The concept of a women’s centre arose from an evening of conversation with Tetlock and two other women discussing the need for services for women and their families in Winnipeg’s North End. By 1984, Tetlock along with help from the advisory committee and agency representatives were able to secure funding a two-year grant through the Winnipeg Core Area Initiative. The North End Women’s Centre (NEWC) officially opened its doors to the public in April of 1985.
Tetlock served as executive director for over 20 years.
In 1994, the centre relocated to its current home at 394 Selkirk Ave. Core funding for NEWC comes from the United Way of Winnipeg and family violence prevention program of the Province of Manitoba, as well as a variety of other funding.
In 2006, NEWC opened a transitional housing facility in the West End of Winnipeg called the Betty Berg House. The Betty Berg House provides safe and affordable short and long term transitional housing for women struggling with issues of mental health, problematic substance use and homelessness.

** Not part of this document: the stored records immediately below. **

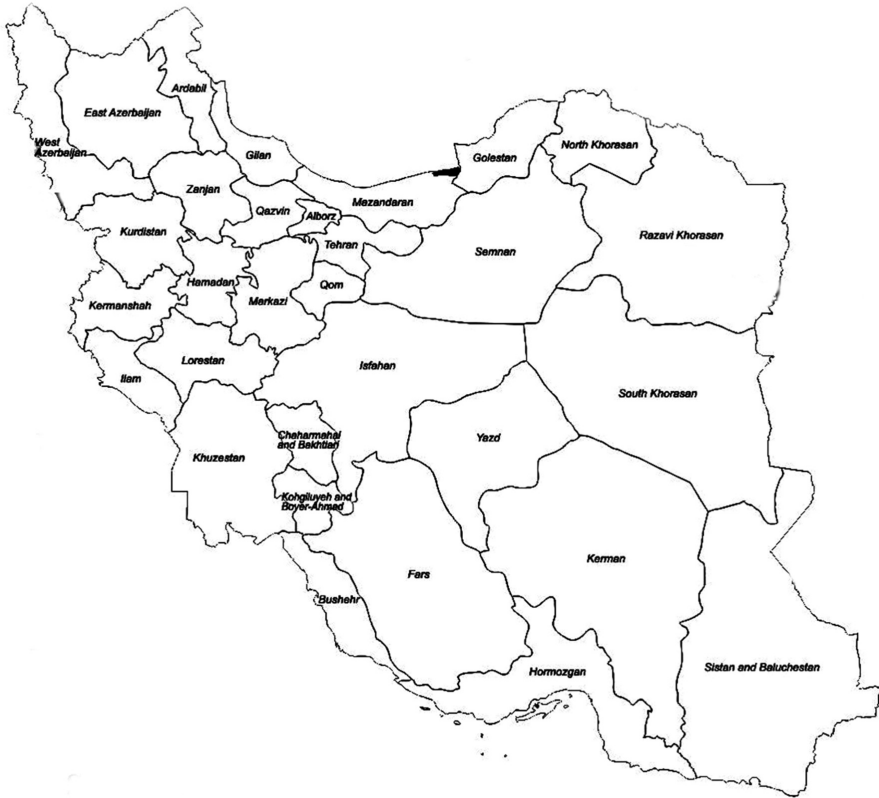
Fig. 1: Map of Iran with provincial boundaries
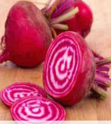
Beets - Chioggia
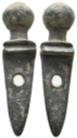
2172 ANCIENT ROMAN BRONZE GLADIUS SWORD PENDANT (1ST- 3RD CENTURY AD). 4.64 Gr. 31.6 mm. 5
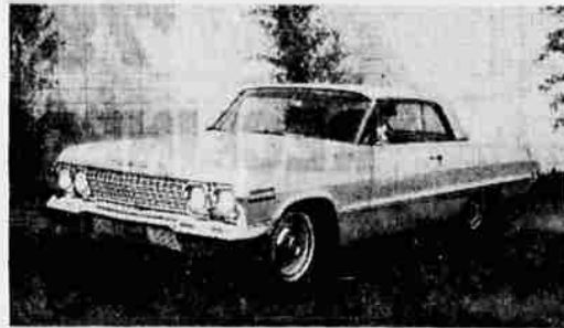
Smart looking, white with red interior, auto. trans., R&H, new tires, low mileage.
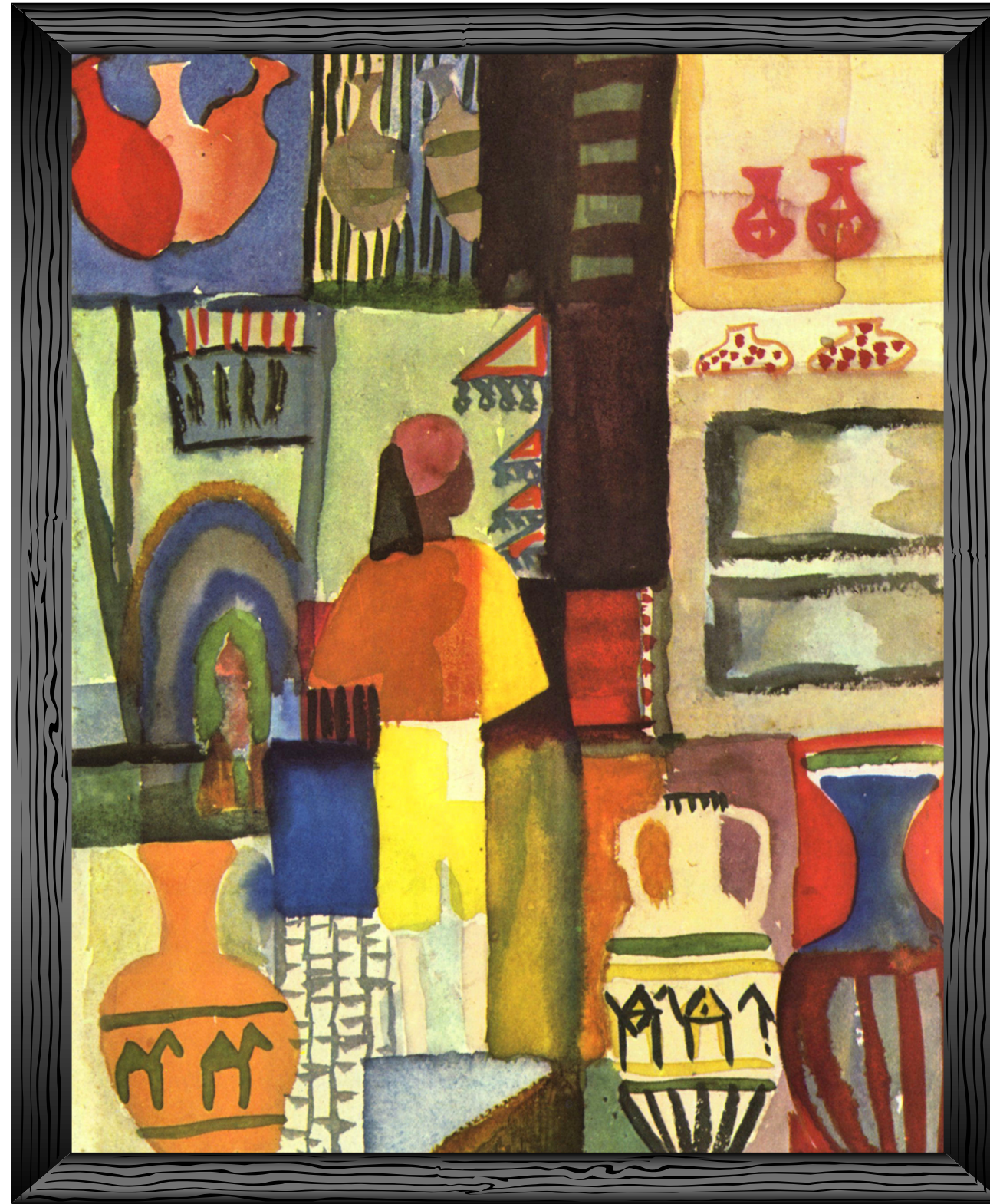
Tunisian Market, (also known as Dealer With Jugs, Traders with Pitchers.)
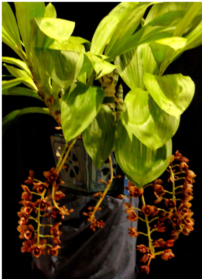
Fdk. After Dark
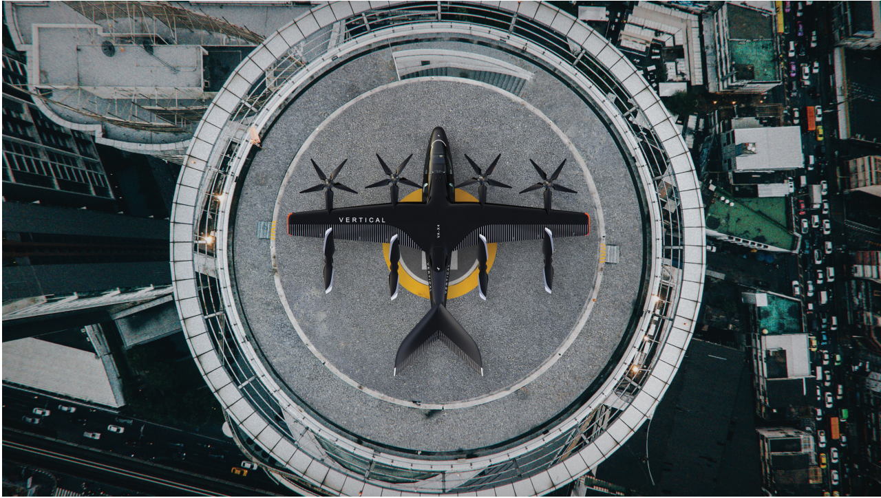
Figure 2 eVTOL

behind the eVTOL to ensure cost effectiveness and practicality.
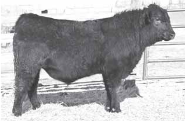
LOT 40 - RANCHERS CHOICE BARDOLENE 801Y
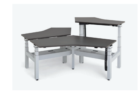
120 degree benches are available in triple, dual or single sided applications.
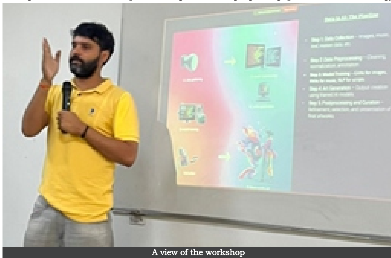
A view of the workshop

The workshop provided a valuable platform to explore the future of AI in creative disciplines, highlighting exciting opportunities for cross-disciplinary collaboration.
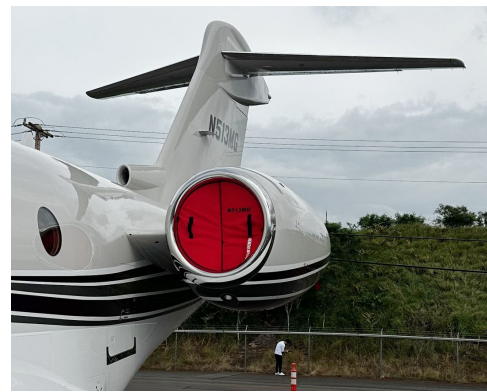
Gulfstream G280 Intake Plugs
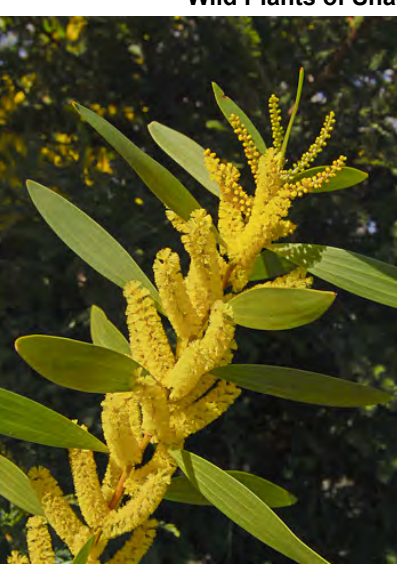
SYDNEY GOLDEN WATTLE (Acacia longifolia) Naturalized Perennial - Pea Family - (Jan-Apr) -Uncommon. Disturbed places, especially sandy coastal areas - Shrub-small tree, spineless. Leaves simple, 2-6" long with 2-4 main veins. Flowers bright yellow.
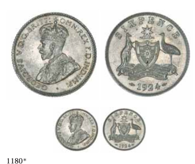
George V , 1924. Hairline die breaks on the reverse, lightly toned and unmarked, choice uncirculated and rare in this condition, one of the finest known.

Dedicated to community development and mobilization, Tetlock partnered with sister organizations to support the development of the mandates of Wahbung Abinoonjiiag, Oyati Tipi Cumini Yape, and North Point Douglas Women’s Centre.
NEWC’s impact on the community has been tremendous with countless women and their families benefiting from the variety of services and training programs.
Tetlock retired from NEWC at the age of 63. During the 20 years as executive director, she sat on numerous boards, was instrumental in developing other resource centres and received several awards for her community service.
Often referred to as the Queen of Selkirk Avenue, Tetlock was well loved and respected in the community for her leadership, vision, generosity and kindness.
In 2012, Chriss Tetlock Place opened its doors in honour of her vision, commitment and dedication to serving women and their families living within the core area of Winnipeg. Chriss Tetlock Place hosts women in supportive transitional housing in a safe and welcoming environment.
Chriss Tetlock died in 2011. Her legacy lives on through the countless number of women and their families that have received support and development opportunities from the North End Women’s Centre.